01-7
勝負は一瞬であった。
男は次々と繰り出される攻撃を右へ左へと躱すと、距離を詰め、あっという間に魔物を組み伏せる。
「くはっ。」
背中をぶつけた衝撃で、魔物が嗚咽を漏らす。
――強い。
それがナナの率直な感想だった。魔物は大して技量を持ち合わせていなかったが、それを補う高い身体能力にはナナも手こずっていた。しかし、男はそれを凌駕していた。
「……その動き。君も人間じゃないね?」
「いや、私は人だよ。」
男は馬乗りになると、苦しがって暴れる魔物を片腕で押さえつけて懐からガラスの小瓶を取り出す。
「時間がない。私は神父ではないが、懺悔ぐらいは聞いてあげよう。何か伝えたいことはあるか?」
「んなもんねぇよ!」
「そうか。」
その言葉に、少し眉を動かしたように見えた男は、黙って頷くと瓶の中の液体を少年に垂らす。まるで何かが分解されていくように、魔物の体から蒸気が噴き出した。
「何だ……何をかけた!」
「聖水だよ。魔物には特によく効く、な。」
男の言葉を肯定するかのように、魔物の体が溶けていく。
「俺は……消えるのか?」
「そうだ。」
男は小さく、だが力強くうなずく。
「もう一度聞く。何か伝えたいことはあるか?」
「いやだ!俺は消えたくない!俺は、ただ、生きたかっただけ……な……」
魔物の体は最後の言葉を発することができずに、灰となった。
◇
事の一部始終を見ていたナナは我に返る。
彼がいったい何者なのか、なぜそれほどまでに強いのか、訪ねたい事は山ほどあるがまずは一つ。
「ねえ、さっきのアレは何?言い訳を聞かせてもらうわよ。」
あの強引な、TPO無視の、意味不明なキス。『後で聞く』といったからには、それなりの言い訳は用意してるのだろう。

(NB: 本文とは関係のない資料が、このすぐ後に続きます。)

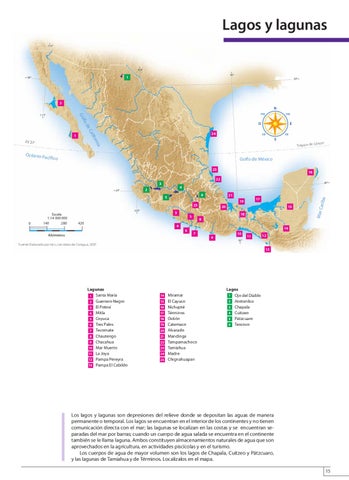 Los lagos y lagunas son depresiones del relieve donde se depositan las aguas de manera permanente o temporal. Los lagos se encuentran en el interior de los continentes y no tienen comunicación directa con el mar; las lagunas se localizan en las costas y se encuentran separadas del mar por barras; cuando un cuerpo de agua salada se encuentra en el continente también se le llama laguna. Ambos constituyen almacenamientos naturales de agua que son aprovechados en la agricultura, en actividades piscícolas y en el turismo. Los cuerpos de agua de mayor volumen son los lagos de Chapala, Cuitzeo y Pátzcuaro, y las lagunas de Tamiahua y de Términos. Localízalos en el mapa. 15 ATLASMEXICO-P-009-018.indd 15

(一つでもおかしなことを言ったら容赦なくぶん殴るんだから。)
だが、男は無反応であった。ナナの呼びかけに一向に答えようとしない。
(もしかしてコイツ、しらばっくれる気?逃がさないわよ!)
ナナは肩を怒らせて、ズカズカと男に近寄る。それでも男に動く気配はない。
「ねぇ、聞いてるの!?」
ナナが男の肩を叩くと、奴は返答することなくそのまま後ろに倒れた。気絶、である。
「ちょっと!文句はあとで聞くって言ったじゃない!これどうするのよ!」
変なことを言ったと思ったら、勝手に命令して、勝手にキスして、勝手に戦って、勝手に気絶して。
怒りと戸惑いをどこにもぶつけられず、ナナは声を上げて天を仰いだ。